Apart from the pictures, output all of the records exactly.

::::::

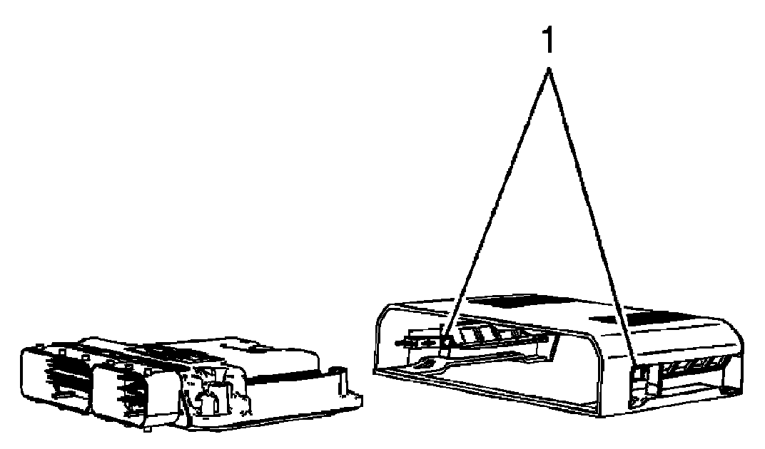 1. Slide the ECM into the retainer until the clips (1) engage the ECM.
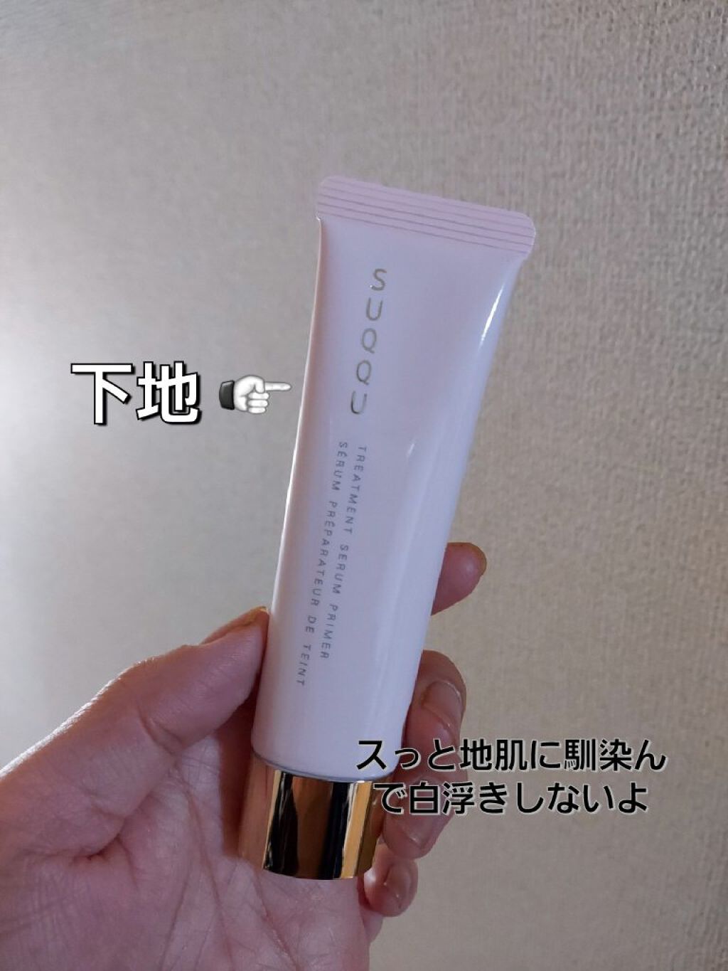 ツヤを仕込むに最適な下地🌿白みピンクのプライマーがツヤ肌に導いてくれますSUQQU💫トリートメントセラムプライマーつねに適したうるおいの膜で満たしぴったりと肌になりすます。うるおいと艶を仕込んで、SUQQUのファンデーションが持つ美しい艶をさ...
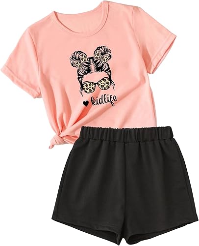 FASHION DESIGN: Character Printed short sleeve top with trendy Figure or “Kidlike” letter printed. Variety of colors and prints, Cute toddler girl outfit short set. Popular pattern print and stylish outfit, Elastic waist shorts
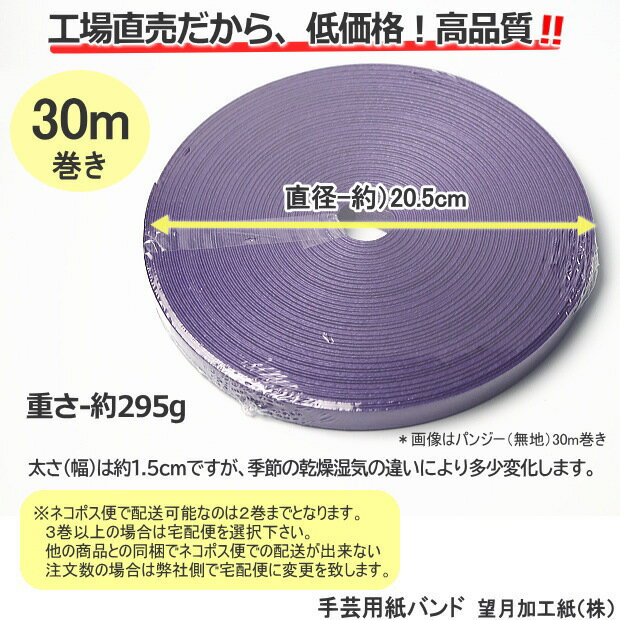 クラフトバンド(紙ばんど)は、紙で作られた帯状になっている製品です。 手芸用として扱いやすい硬さとなっております。軽くて丈夫な材質で、お買い物バッグや、日常使いのかご作りにオススメです! 幅約15mmの12本どりの束をお好みサイズで好きな本数に裂いて使用出ます。 いくつかの色をミックスしたコンボ柄は、無地の紙バンドの中に、途中でアクセントに1本編みこんでカゴを作ったり、 そのまま編み紐に使ったり。横に使えばボーダー柄。縦に使えばストライプ柄と手作りのバッグやかご、 雑貨、お人形、フラワー等の手芸にお使い頂けます。 商品名 手芸用 紙ばんど 30m巻き サイズ 約)長さ30m ※幅1.5cm 厚さ1.25mm ※季節の乾燥湿気の違いにより多少変化します。 仕様 紙製の平らなバンド /12本どり/日本製 メーカー 望月加工紙株式会社 ※他のモール及び店頭売りと在庫を併用しておりますのでご注文後でも在庫切れの場合がございますのであらかじめご了承下さい。 ペーパークラフト・紙バンド一覧はこちら 大きな収納かご レシピ 手芸紙バンド キット 収納バスケット レシピ紙バンドキット ミニバスケット 紙バンドキット 紙バンド 10m巻 ストライプ柄 紙バンド 10m巻 コンボ柄 紙バンド キットふたつきミニバスケット ボーダー柄が作れる!30m巻コンボ柄クラフトバンド 「大きなカゴバッグ作りや、複数の作品に個性的なコンビ柄のアクセントをたっぷり使いたい」 この望月加工紙 クラフトバンド 30m巻は、いくつかの色をミックスしたコンボ柄が魅力の、 軽くて丈夫な材質でできたカゴバッグ作りに最適な手芸用紙ばんどです。 【3つの魅力】 1. 30m巻の大容量と高品質 たっぷり使える30m巻で、大きなお買い物バッグや日常使いのかご作りにオススメです。 手芸用として扱いやすい硬さの国産の高品質な紙バンドです。 2. 自由自在な柄の表現 横に使えばボーダー柄、縦に使えばストライプ柄と、カラフルな柄を表現できます。 無地の紙バンドの中に、途中でアクセントに1本編みこんでカゴを作ることも可能です。 3. 安心の日本製コンビカラー 抹茶-赤、紺-白、こげ茶-赤といった魅力的なコンビ柄を展開。 静岡県富士市の工場直売品で、手作りのバッグやかごを美しく彩ります。 【この商品がおすすめな方】 30m巻の大容量で、大きなかごバッグ作りに挑戦したい方。 コンボ柄やボーダー柄を使って、作品に個性的なアクセントを加えたい方。 軽くて丈夫な紙バンドで、お買い物バッグなど実用品をハンドクラフト手芸したい方。 【商品情報】 項目 詳細 商品名 手芸用 紙ばんど 30m巻き メーカー 望月加工紙株式会社 長さ・幅 約)長さ30m / 幅約15mm(12本どり) 材質 紙製の平らなバンド(クラフトバンド) 特徴 コンボ柄、ボーダー柄、手芸用として扱いやすい硬さ、軽くて丈夫、日本製 カラー 抹茶-赤、紺-白、こげ茶-赤 他
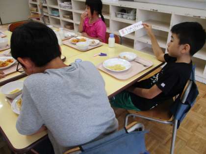 給食の時間には、順番に来てくれている4年生と一緒に給食を食べました。「どうしたら来てくれた4年生が気持ちよく給食を食べて帰ってくれるか。」学級会で相談し、みんなで考えました。折り紙を折って作品を作ったり、名札に絵を描いたりして来てくれた人にプレゼントしました。
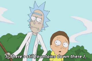 J, There's still fountains down there J, J, Look on down from the bridge J,
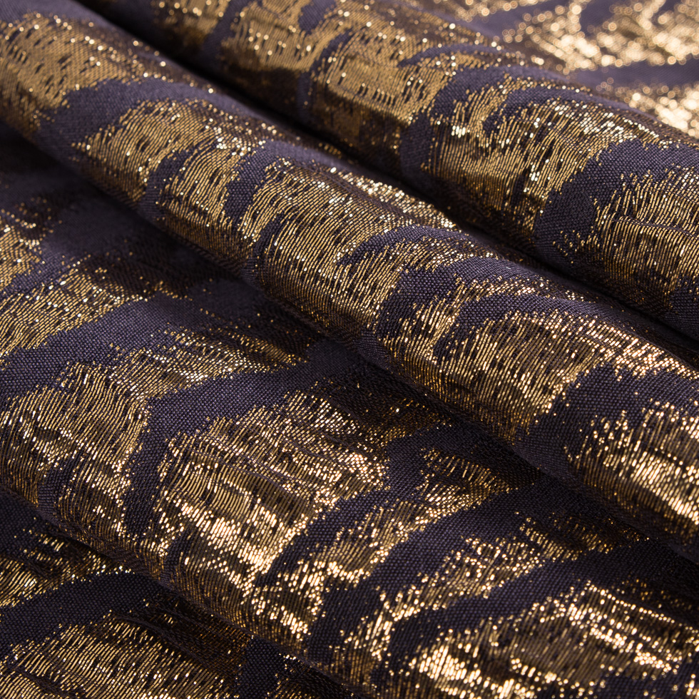 From the fabulous designer Phillip Lim comes a gorgeous grape & metallic gold abstract silk brocade ready to be used for exquisite designs. Containing a beautiful abstract waving line design glimmering throughout, this fabric brings an air of elegance to any sophisticated design. It's lightweight, soft and slightly textured with an easy, flexible drape. Laying at 45" in width and nearly opaque, create stunning tops, lavish shirts, dazzling dress and beautiful skirts all leaving a high-end impression from this designer silk.
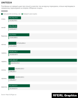 «У серпні ми з партнерами за три дні зібрали 235 мільйонів гривень на 10 тисяч FPV-дронів і боєприпаси до них. Це пояснює різке зростання проти середнього показника», – пояснили Радіо Свобода в пресслужбі фонду.
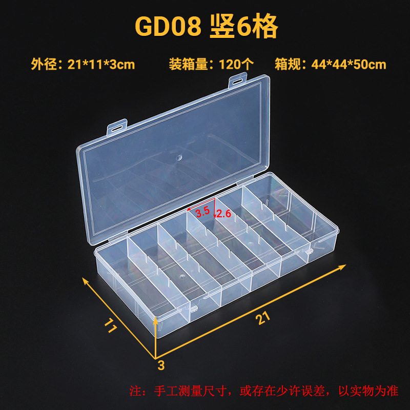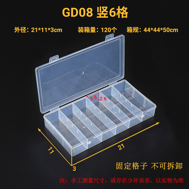 수직 6 구획 파티션 저장 상자 부품 부품 하드웨어 보석 구슬 도로 서브 박스 낚시 도구 상자 PP 투명 플라스틱 상자스토어 가기
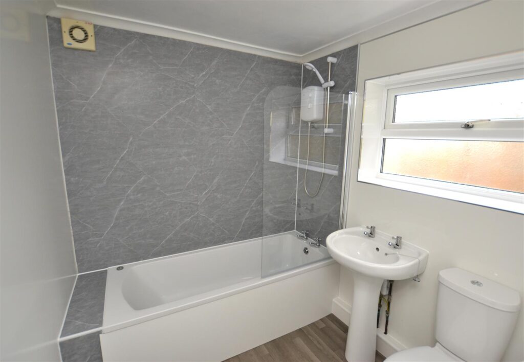 Modern white suite of bath with shower over, wash basin and WC. Radiator and uPVC double glazed window.
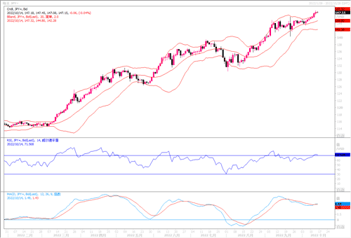 在美国公布超预期的通胀报告后,日元周四夜间一度跌至32年来的最低水平147.68。美国CPI数据公布后,日本央行行长黑田东彦在华盛顿的联合新闻发布会上重申了其奉行宽松货币政策的承诺,这进一步加剧了日本央行与美联储之间的政策分期。因此在美元息口进一步有提升的前景之下,美元兑日元始终尝试往更高水位挺进。且只要波动幅度温和,日本政府并没有采取紧迫的措施。另一方面,也需要渐渐注意的是,美联储剩余的加息时间和空间似乎已基本被提前定价和消化,因此要随时留意美元转向的风险。一旦产生美元兑日元回归价值中性的交易现象,则美日的回撤预料将会是比较狂烈的。日图上行突破前期高点145.90并逼近32年来的高点148,技术指标也未显示拐头痕迹,多头仍占主导。在美元继续上升的情势下,也要时刻留意短期获利回撤所带来的逆向风险。
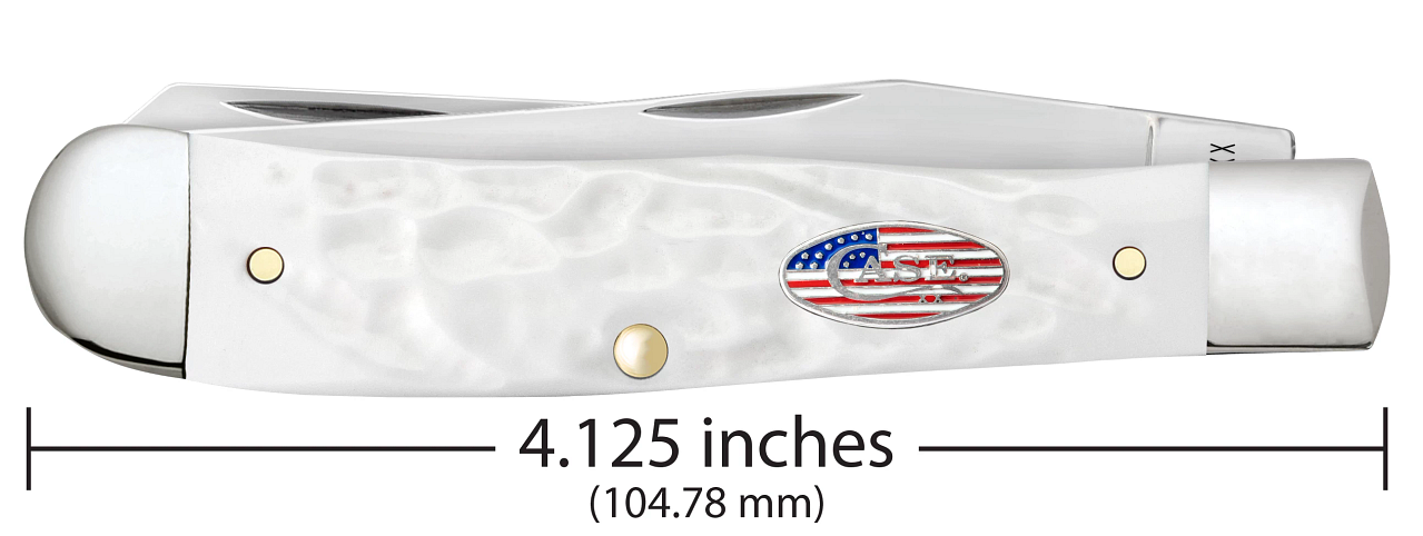 This W.R. Case & Sons Cutlery Co. Trapper knife utilizes a 3 1/4" Clip blade and 3 1/4" Spey blade. Stamped with pattern number 6254 SS, the blade material is Tru-Sharp Surgical Stainless Steel with a mirror-polished finish. The handle is Rough jigged White Synthetic with a Nickel Silver Oval Stars & Stripes Inlay shield. The bolsters are Highly polished Nickel Silver. It's around 4 1/8 inches long (folded/closed) and weighs approximately 3.8 ounces.

::::::

» RESULT FOR THIS TASK
 1. Slide the ECM into the retainer until the clips (1) engage the ECM.
 ツヤを仕込むに最適な下地🌿白みピンクのプライマーがツヤ肌に導いてくれますSUQQU💫トリートメントセラムプライマーつねに適したうるおいの膜で満たしぴったりと肌になりすます。うるおいと艶を仕込んで、SUQQUのファンデーションが持つ美しい艶をさ...
 FASHION DESIGN: Character Printed short sleeve top with trendy Figure or “Kidlike” letter printed. Variety of colors and prints, Cute toddler girl outfit short set. Popular pattern print and stylish outfit, Elastic waist shorts
 クラフトバンド(紙ばんど)は、紙で作られた帯状になっている製品です。 手芸用として扱いやすい硬さとなっております。軽くて丈夫な材質で、お買い物バッグや、日常使いのかご作りにオススメです! 幅約15mmの12本どりの束をお好みサイズで好きな本数に裂いて使用出ます。 いくつかの色をミックスしたコンボ柄は、無地の紙バンドの中に、途中でアクセントに1本編みこんでカゴを作ったり、 そのまま編み紐に使ったり。横に使えばボーダー柄。縦に使えばストライプ柄と手作りのバッグやかご、 雑貨、お人形、フラワー等の手芸にお使い頂けます。 商品名 手芸用 紙ばんど 30m巻き サイズ 約)長さ30m ※幅1.5cm 厚さ1.25mm ※季節の乾燥湿気の違いにより多少変化します。 仕様 紙製の平らなバンド /12本どり/日本製 メーカー 望月加工紙株式会社 ※他のモール及び店頭売りと在庫を併用しておりますのでご注文後でも在庫切れの場合がございますのであらかじめご了承下さい。 ペーパークラフト・紙バンド一覧はこちら 大きな収納かご レシピ 手芸紙バンド キット 収納バスケット レシピ紙バンドキット ミニバスケット 紙バンドキット 紙バンド 10m巻 ストライプ柄 紙バンド 10m巻 コンボ柄 紙バンド キットふたつきミニバスケット ボーダー柄が作れる!30m巻コンボ柄クラフトバンド 「大きなカゴバッグ作りや、複数の作品に個性的なコンビ柄のアクセントをたっぷり使いたい」 この望月加工紙 クラフトバンド 30m巻は、いくつかの色をミックスしたコンボ柄が魅力の、 軽くて丈夫な材質でできたカゴバッグ作りに最適な手芸用紙ばんどです。 【3つの魅力】 1. 30m巻の大容量と高品質 たっぷり使える30m巻で、大きなお買い物バッグや日常使いのかご作りにオススメです。 手芸用として扱いやすい硬さの国産の高品質な紙バンドです。 2. 自由自在な柄の表現 横に使えばボーダー柄、縦に使えばストライプ柄と、カラフルな柄を表現できます。 無地の紙バンドの中に、途中でアクセントに1本編みこんでカゴを作ることも可能です。 3. 安心の日本製コンビカラー 抹茶-赤、紺-白、こげ茶-赤といった魅力的なコンビ柄を展開。 静岡県富士市の工場直売品で、手作りのバッグやかごを美しく彩ります。 【この商品がおすすめな方】 30m巻の大容量で、大きなかごバッグ作りに挑戦したい方。 コンボ柄やボーダー柄を使って、作品に個性的なアクセントを加えたい方。 軽くて丈夫な紙バンドで、お買い物バッグなど実用品をハンドクラフト手芸したい方。 【商品情報】 項目 詳細 商品名 手芸用 紙ばんど 30m巻き メーカー 望月加工紙株式会社 長さ・幅 約)長さ30m / 幅約15mm(12本どり) 材質 紙製の平らなバンド(クラフトバンド) 特徴 コンボ柄、ボーダー柄、手芸用として扱いやすい硬さ、軽くて丈夫、日本製 カラー 抹茶-赤、紺-白、こげ茶-赤 他
 給食の時間には、順番に来てくれている4年生と一緒に給食を食べました。「どうしたら来てくれた4年生が気持ちよく給食を食べて帰ってくれるか。」学級会で相談し、みんなで考えました。折り紙を折って作品を作ったり、名札に絵を描いたりして来てくれた人にプレゼントしました。
 J, There's still fountains down there J, J, Look on down from the bridge J,
 From the fabulous designer Phillip Lim comes a gorgeous grape & metallic gold abstract silk brocade ready to be used for exquisite designs. Containing a beautiful abstract waving line design glimmering throughout, this fabric brings an air of elegance to any sophisticated design. It's lightweight, soft and slightly textured with an easy, flexible drape. Laying at 45" in width and nearly opaque, create stunning tops, lavish shirts, dazzling dress and beautiful skirts all leaving a high-end impression from this designer silk.
 «У серпні ми з партнерами за три дні зібрали 235 мільйонів гривень на 10 тисяч FPV-дронів і боєприпаси до них. Це пояснює різке зростання проти середнього показника», – пояснили Радіо Свобода в пресслужбі фонду.
 수직 6 구획 파티션 저장 상자 부품 부품 하드웨어 보석 구슬 도로 서브 박스 낚시 도구 상자 PP 투명 플라스틱 상자스토어 가기
 Modern white suite of bath with shower over, wash basin and WC. Radiator and uPVC double glazed window.
 在美国公布超预期的通胀报告后,日元周四夜间一度跌至32年来的最低水平147.68。美国CPI数据公布后,日本央行行长黑田东彦在华盛顿的联合新闻发布会上重申了其奉行宽松货币政策的承诺,这进一步加剧了日本央行与美联储之间的政策分期。因此在美元息口进一步有提升的前景之下,美元兑日元始终尝试往更高水位挺进。且只要波动幅度温和,日本政府并没有采取紧迫的措施。另一方面,也需要渐渐注意的是,美联储剩余的加息时间和空间似乎已基本被提前定价和消化,因此要随时留意美元转向的风险。一旦产生美元兑日元回归价值中性的交易现象,则美日的回撤预料将会是比较狂烈的。日图上行突破前期高点145.90并逼近32年来的高点148,技术指标也未显示拐头痕迹,多头仍占主导。在美元继续上升的情势下,也要时刻留意短期获利回撤所带来的逆向风险。
 This W.R. Case & Sons Cutlery Co. Trapper knife utilizes a 3 1/4" Clip blade and 3 1/4" Spey blade. Stamped with pattern number 6254 SS, the blade material is Tru-Sharp Surgical Stainless Steel with a mirror-polished finish. The handle is Rough jigged White Synthetic with a Nickel Silver Oval Stars & Stripes Inlay shield. The bolsters are Highly polished Nickel Silver. It's around 4 1/8 inches long (folded/closed) and weighs approximately 3.8 ounces.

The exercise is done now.